# Jump drive formatting?



## magnethead (Mar 18, 2006)

my parents got me a 4 GB optima attache jump drive for christmas, but when i plug it in, it says format drive, then says that formatting failed. What do i need to do?


----------



## magnethead (Mar 18, 2006)

Anyone? IT's a 4 GB PNY optima pro attache jump drive showing at 3.84 GB in device manager. I've tried in 2 computers through both manager and my computer, still won't format. PNY's low level format thingie won't run, says it only works with some IC's and yes i added the name to the ini list.


----------



## ebackhus (Apr 21, 2005)

I have the same one and it worked right out of the package. No formatting should be necessary. If it still refuses to allow file writing then you may want to exchange it.


----------



## MattD313 (Dec 6, 2007)

Right click on "My Computer" and click "Manage"

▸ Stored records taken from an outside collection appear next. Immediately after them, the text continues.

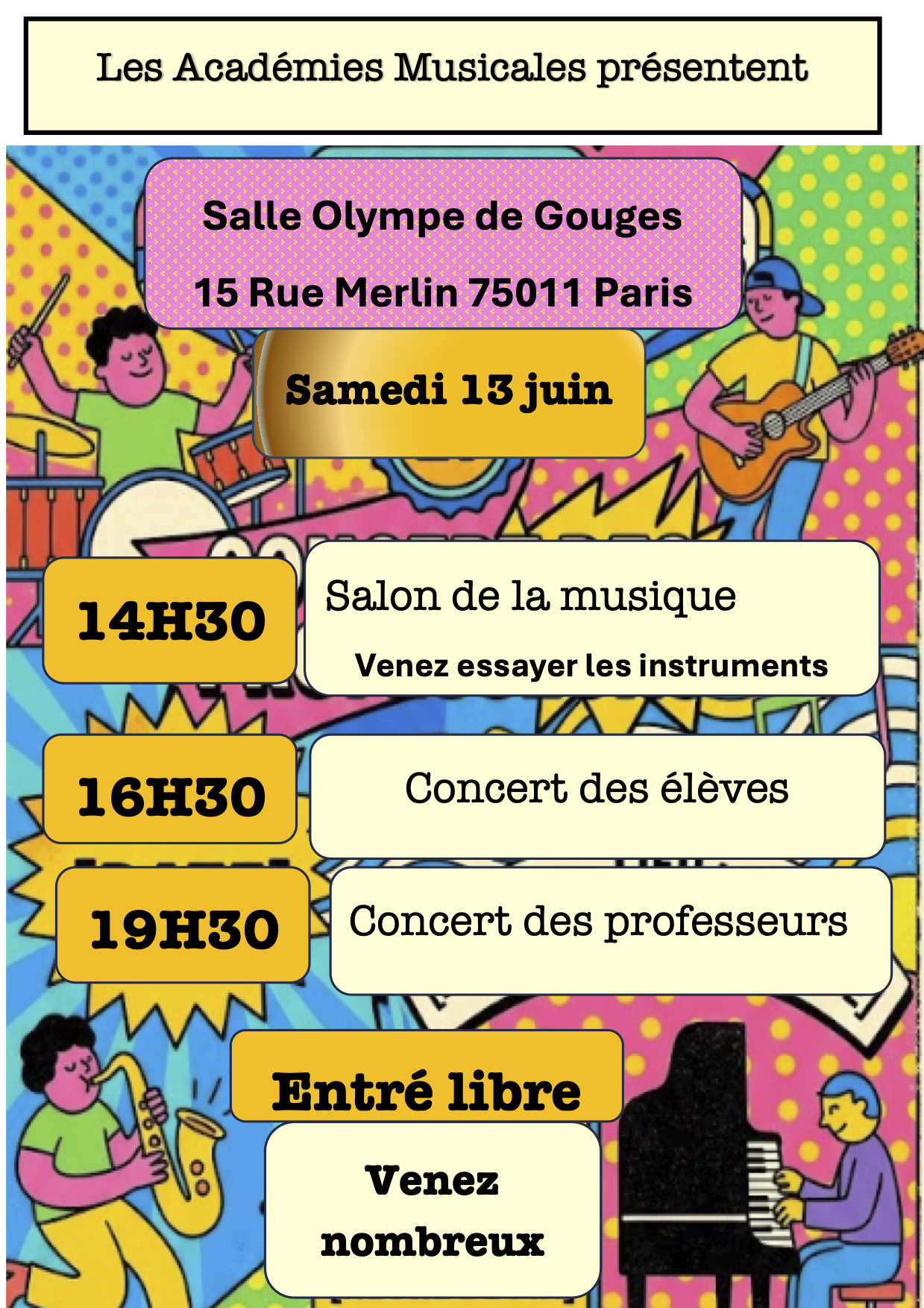 Des cours, des ateliers : guitare, piano, saxo, violon, accordéon, flûte,solfège, dessin, peinture, marrionnettes, théâtre à l'Académie Inter Musicale de Paris AIMP et dans les Académies Musicales des 5ème Monge, 11ème Bastille ou Voltaire, 13ème Italie ou Glacière, 14ème Plaisance et 15ème Convention ou Lourmel.
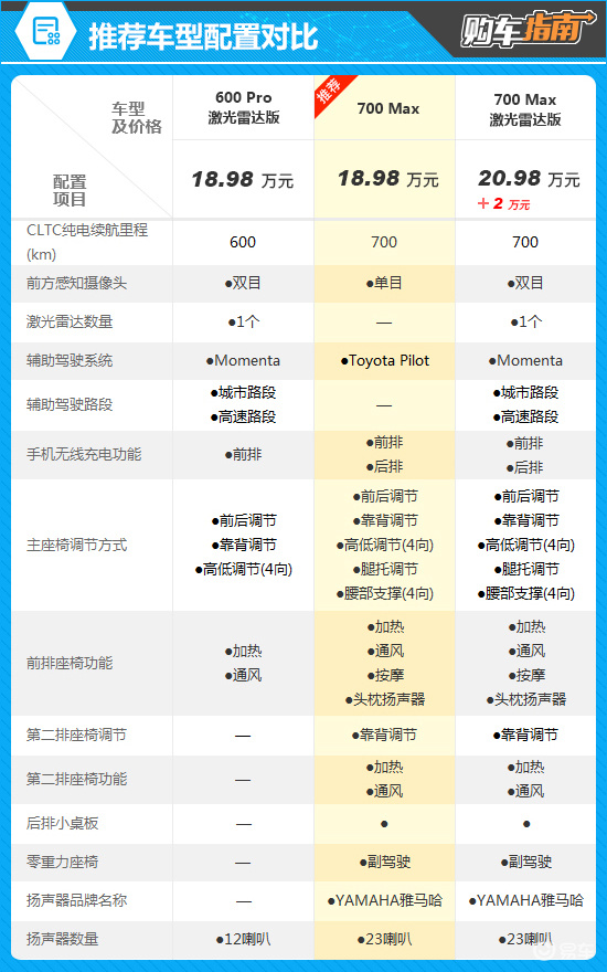 根据配置对比不难发现,600 Pro激光雷达版与推荐车型价格一致,前者虽然辅助驾驶功能占优,但舒适性配置缺失较多,鉴于现阶段辅助驾驶功能的体验参差不齐,相比之下推荐车型更有优势。
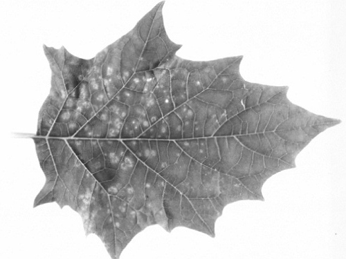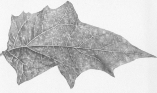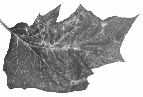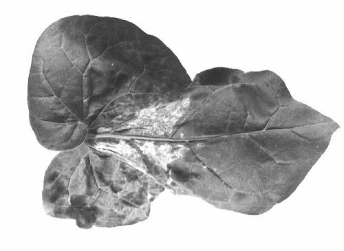 Chlorotic to necrotic local lesions may appear in about 10 days; systemic mosaic appears in about 18 days (Fig. 1) and often is accompanied by necrosis of fine veins. Occasionally, leaf distortion (Fig. 2) and necrotic rings (Fig. 3) are seen. - Nicotiana glutinosa. Symptom expression erratic. Sometimes local lesions form, occasionally systemic infection results in mosaic symptoms (Fig. 4).
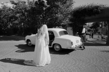 At my first wedding dress appointment, I wasn’t entirely sure what I was looking for. But when I tried on the Camille by Danielle Frankel, I was surprised by how quickly it felt like the right choice. I fell in love with the gown’s silhouette and intricate pleating. For the reception, I changed into an open-back, full-sequin Tom Ford gown that captured the old-school glam look I wanted. My first job out of college was as the PR Assistant for Tom Ford, so it felt like a fitting choice.
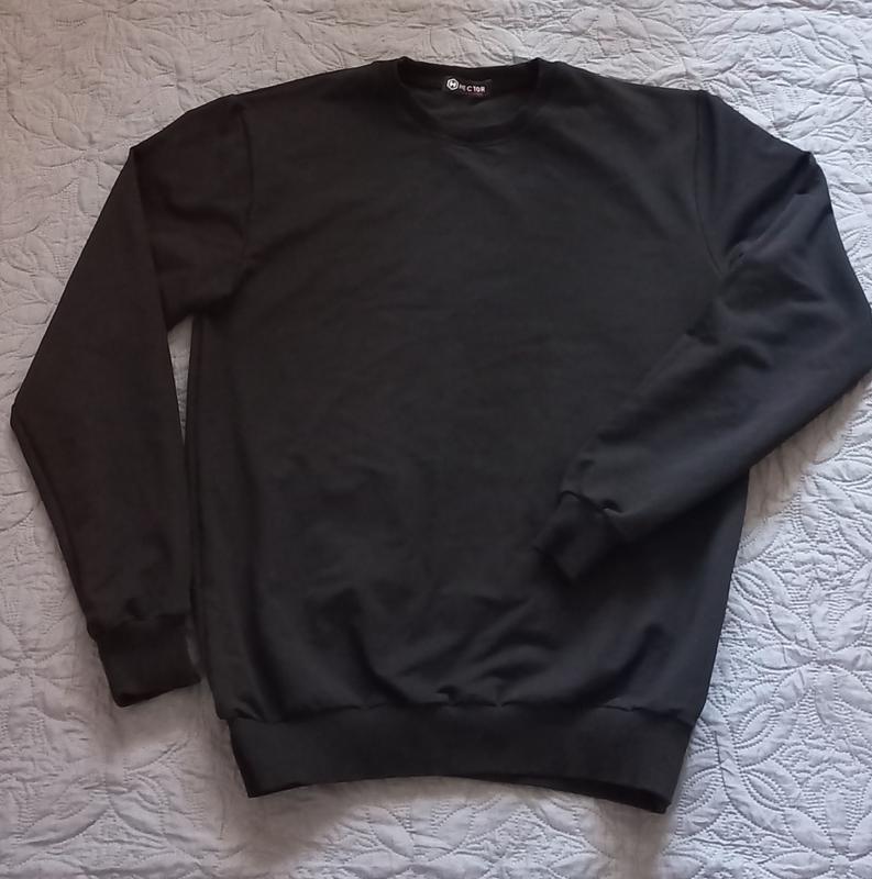 Базовый мужской свитшот черного цвета. Изготовлена из трикотажа, с использованием хлопка с добавлением эластана для лучшей эластичности. Длина -67см Полуобхват ширина-51см Ширина плеча-14см Длина рукава-62см с манжетом мир Характеристики и особенности: Тип изделия: Свитшот или батник. Материал: хлопок Детали: Круглый вырез горловины, эластичные манжеты на рукавах и по нижнему краю изделия. Назначение: Повседневная одежда (casual style), подходит для прогулок или в качестве базового элемента гардероба.
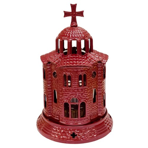 Καντήλι μεταλλικό εκκλησάκι μεγάλο σε χρώμα κόκκινο και διάσταση : 19 x 11 εκ.
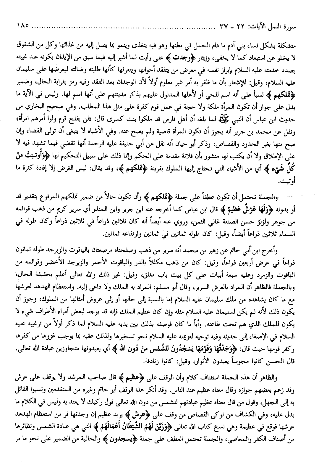 ونقل عن محمد بن جرير أنه يجوز أن تكون المرأة قاضية ولم يصح عنه. وفي الأشباه لا ينبغي أن تولى القضاء وإن صح منها بغير الحدود والقصاص، وذكر أبو حيان أنه نقل عن أبي حنيفة عليه الرحمة أنها تقضي فيما تشهد فيه لا على الإطلاق ولا أن يكتب لها منشور بأن فلانة مقدمة على الحكم وإنما ذلك على سبيل التحكيم لها وَأُوتِيَتْ مِنْ كُلِّ شَيْءٍ أي من الأشياء التي تحتاج إليها الملوك بقرينة تَمْلِكُهُمْ، وقد يقال: ليس الغرض إلا إفادة كثرة ما أوتيت.

On the left side click "Disk Management"

Find your jumpdrive, should be the only one that says 4gb.
Right click it, and format, click on quick format.

If it fails again (which it probably will) exchange it.


----------



## Impact Green (Dec 26, 2007)

they usually format as in fat, try formatting it in ntfs


----------



## magnethead (Mar 18, 2006)

well shoot- it was 35 bucks and i already trashed the packaging (it was a christmas gift). i've tried full an quick format on 2 different computers to no avail.


----------



## MattD313 (Dec 6, 2007)

Go buy a new one, keep the new one, put the bad one back in the new ones package and return it. (Make sure beforehand they accept open item returns)

Just say it wasn't what you thought it was, or say it was defective and you just want your money back...

:1angel:

Edit: Just make sure its the exact same specs. Same color, brand, size, etc etc

Also- DO NOT BUY IT FROM CIRCUIT CITY

Their return policy and customer service is ****. (Their stocks show it)


----------



## 2pistolpacker (Dec 3, 2007)

I recently had to do the same with a 1gb PNY drive, luckily Best Buy let me bring it in to exchange it, they kept the packaging and I got the new drive. PNY didn't want to do anything, because I wasn't the original buyer. No more PNY for me. Mike


----------